Александр Парцхаладзе
      Лет 10 назад  разорвалась ткань у моего  диванного валика - мутаки.  И это не удивительно:  как ни  прочна была старая гардина, из которой я сшил мутаку, годы взяли свое. Да и дети постарались в свое время - мутузили ею друг друга, как большой дубинкой, прыгая и бегая по дивану с криками и смехом, "пока Кеша не видит".               
      Кеша - это я. Уже почти сорок лет, как меня перекрестили мои старшие, Наташка и Димка, в честь Кеши, кота знакомых, у которых мы гостили летом 1979-го года.               

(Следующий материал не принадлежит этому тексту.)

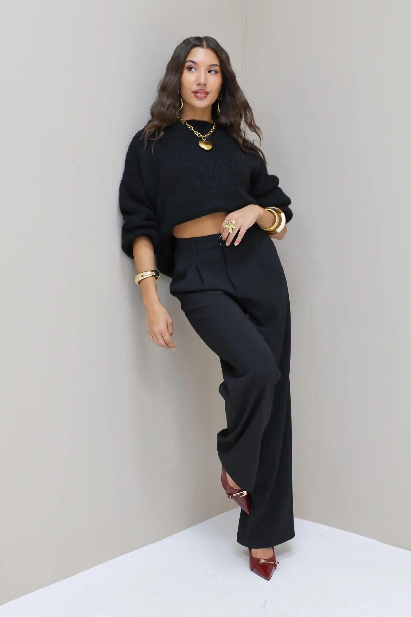 - Product: Pantalon Plooien Wijde Pijpen Zwart

      Кот Кеша был черным, очень большим и очень умным.  Настолько большим, что Димка, которому в сентябре исполнялось четыре года, боялся его и всегда уступал ему дорогу.  И таким умным, что это - единственный из известных мне котов, которого не просто приучили ходить в туалет на унитаз по-человечески.  Нет,  он, сделав все дела, - правда, стоя лицом, простите, мордой к бачку, - так ему было удобнее - он умудрялся еще смывать за собою, нажимая, как и мы, на рычажок правой передней лапой!        Единственное, чего он не умел, вернее, не мог - это мяукать. В молодости Кеша упал с высоты девятого этажа, выжил, но навсегда потерял голос. Когда ему хотелось что-то сказать, он открывал рот, и было видно, но совсем не слышно, как он мяучит. Впрочем, мурлыкал он, как все остальные коты, если не громче.               
      Почему все же я унаследовал его славное имя?  Дети утверждали, что я на него чем-то похож. И даже - что во сне я тоже мурлычу.               
      Так оно, или это выдумки, проверить я не мог, и кошачья кличка закрепилась за  мной настолько, что что с тех пор никто меня и не называл ни папой, ни моим настоящим именем. Я стал Кешей: для детей - теперь уже четверых моих детей, для их друзей и подружек, для внуков...               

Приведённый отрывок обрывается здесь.